Colonel (retired) Baljeet Singh Dhariwal, a native of Badhni Kalan, told Frontline that it was just one of the many villages across Punjab where the new brotherhood in the agrarian community had taken root in the context of the agitation. “A sense of righteousness is the core on which this unity is built. That, coupled with the sense of betrayal and hurt caused by the Central government’s actions, has created a robust determination to fight. That is what we are witnessing in large parts of Punjab.” Dhariwal said previous interventions of farmers’ unions at the local level had contributed in a big way in building this unity. 

Products of past struggles

Farmers such as Jagjit Singh, a prominent activist from Badhni Kalan in the Delhi farmers agitation and the coordination of farming activities initiated at Badhni Kalan are products of these past struggles. An anti-social ‘godman’ with political connections had forcibly occupied Jagjit Singh’s land but a sustained agitation by the farmers’ union at the local level forced him to return the land. Dhariwal said: “What we are seeing now in the Delhi agitations and in the brotherhood in farming activities at the village level is the product of a long-standing and productive association between individual farmers and their unions. It is a relationship that has flourished on trust and conviction and not a product of ill-conceived and misleading propaganda as suggested by some vested interests.”

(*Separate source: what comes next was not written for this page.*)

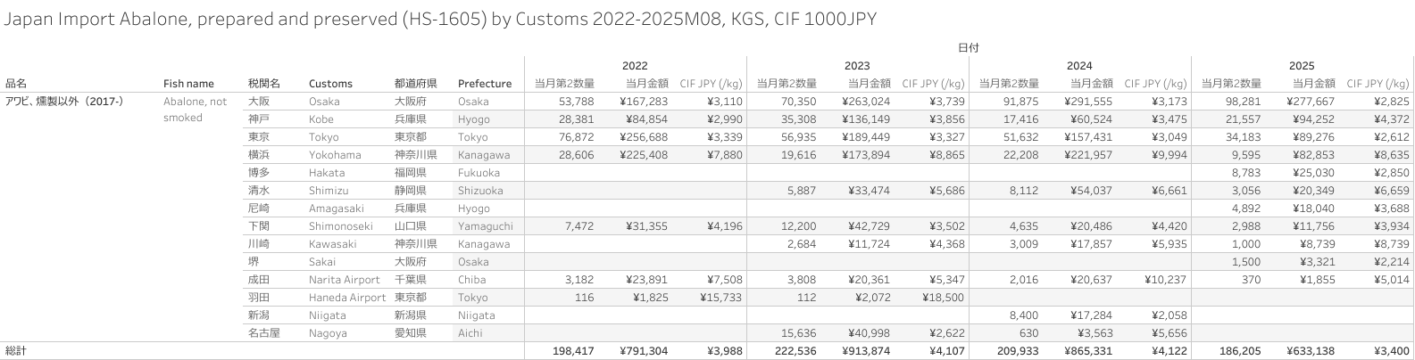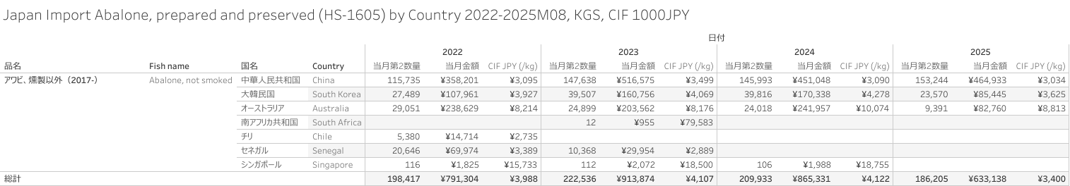 日本 アワビの調整品(HS-1605)輸入統計 2025年8月まで

Colonel (retired) Subhash Chandra Deswal, now a progressive farmer based in Sikandrabad of Bulundshahar district in western Uttar Pradesh, told Frontline that the brotherhood in farming activities being seen across Punjab revived memories of the struggle for Independence among many elders in various parts of northern India. “During the freedom struggle too, this type of sharing was recorded in farming activities. The farming work of those who moved away from the villages to play active roles in the freedom struggle was taken up and completed by others in the village, fully internalising the spirit of the liberation movement. It would be difficult for any apparatus of the state to counter this kind of emotive coming together of people.” 

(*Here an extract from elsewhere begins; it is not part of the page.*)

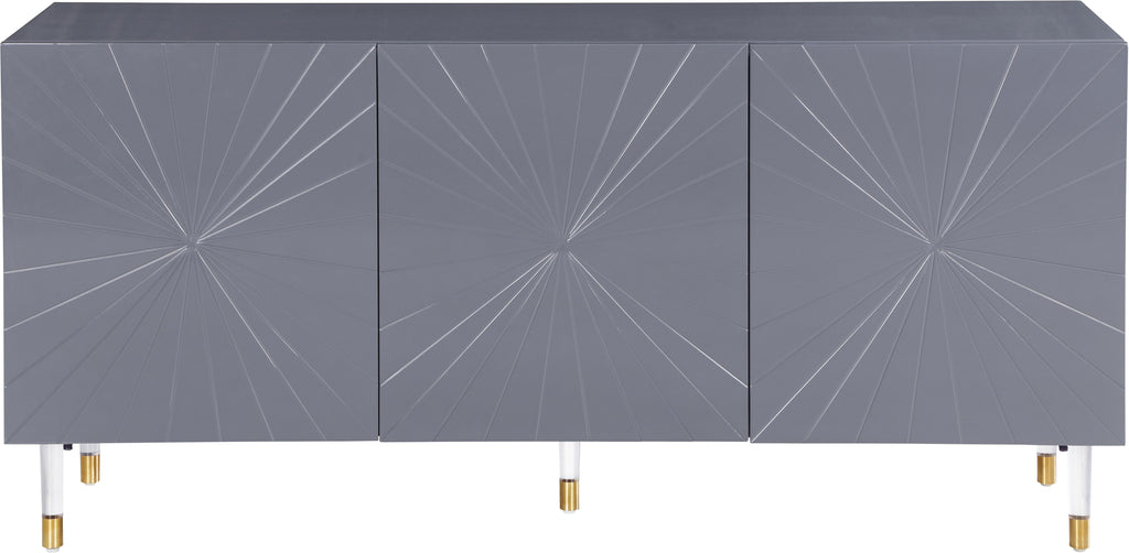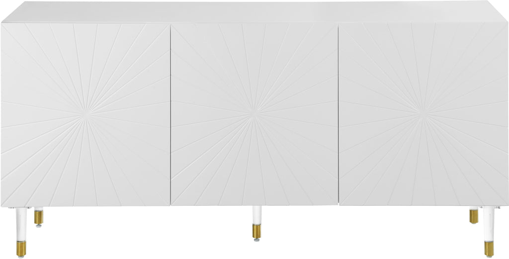 Make a bold statement in your living space with this eye-catching Florence Sideboard/Buffet from Meridian Furniture. Its white lacquer is complemented by a gold finished base, creating a contemporary design that's both modern and stylish. Four side cabinet doors open up to reveal four cubby spaces, giving you ample room to safely tuck away dishes, pots and pans, knick-knacks, books, or other household items, while the top of the sideboard/buffet doubles as shelf space for items you want on display.

Also read: Long march to peasant unity

As things stand now, this agrarian brotherhood is essentially a Punjab-centric phenomenon. However, indications are that this will catch up in other parts of the country, too, especially Haryana and western Uttar Pradesh. Representatives of about 10 khaps (community organisations representing clans or groups of related clans, especially among north Indian farming communities such as Jats) of Haryana and western Uttar Pradesh came together for a sarv khap mahapanchayat at one of the Delhi agitation points in the third week of December. 

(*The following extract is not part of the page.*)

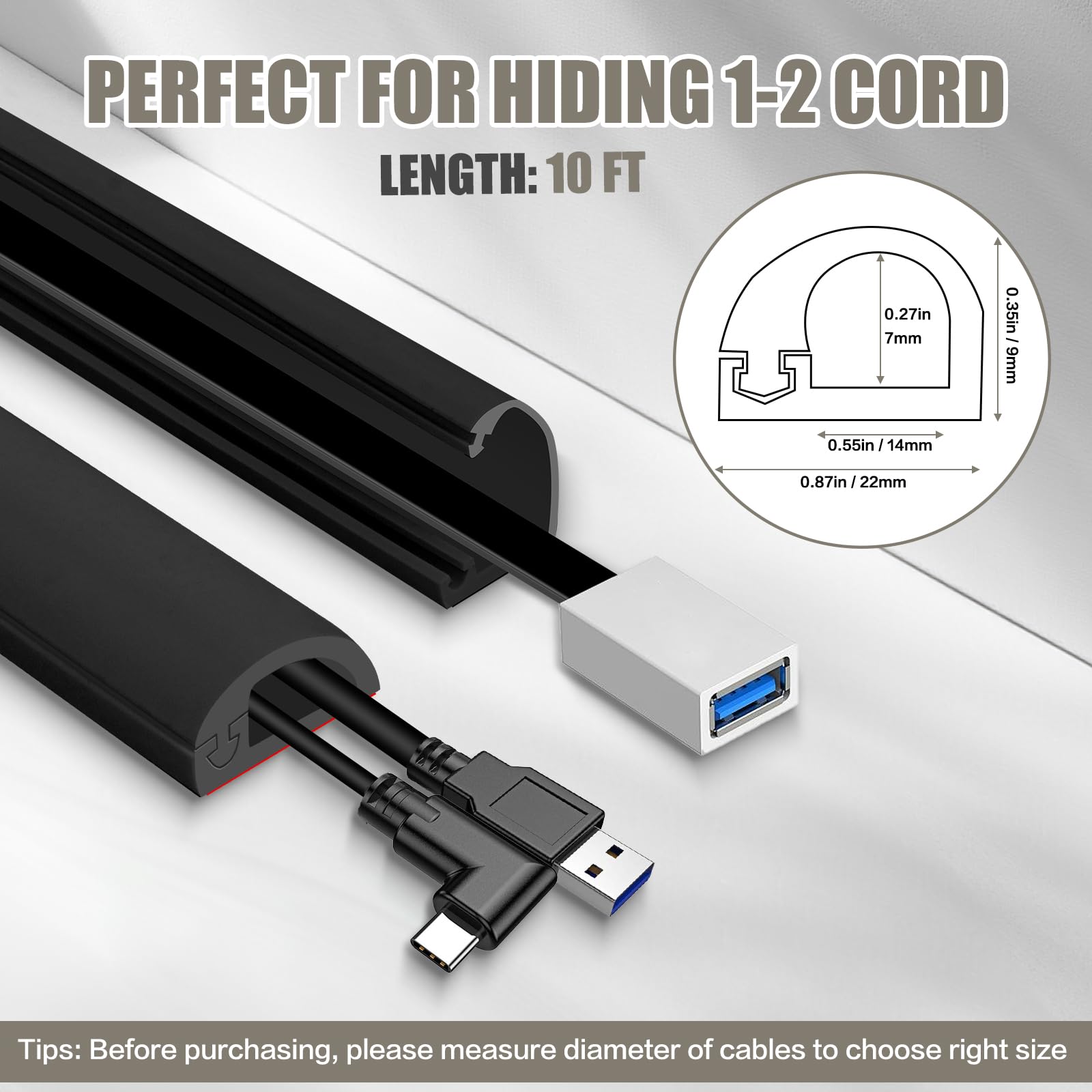 -LARGE CAPACITY: JAHOMFAI Cable hider is perfect for hiding up to 3 USB cables or 2 HDMI cable with its 0.89 inch width and 0.44 inch height. In addition, It’s also ideal for hiding commonly used cables like wall-mounted TV power cords and speaker wires. Please check the outer diameter of your cords or cables before placing your order

The Punjab brotherhood experience was reportedly discussed here. The mahapanchayat has decided to launch a jan jagran abhiyan (people’s awareness campaign) across thousands of villages about the repressive farm laws. khap leaders such as Sudhir Chaudhary are apparently of the view that the Punjab initiative must be replicated in other parts of the country, too. Clearly, the idea of brotherhood in farming activities is spreading and this is bound to enhance the cohesion and resolve among the agitating farmers.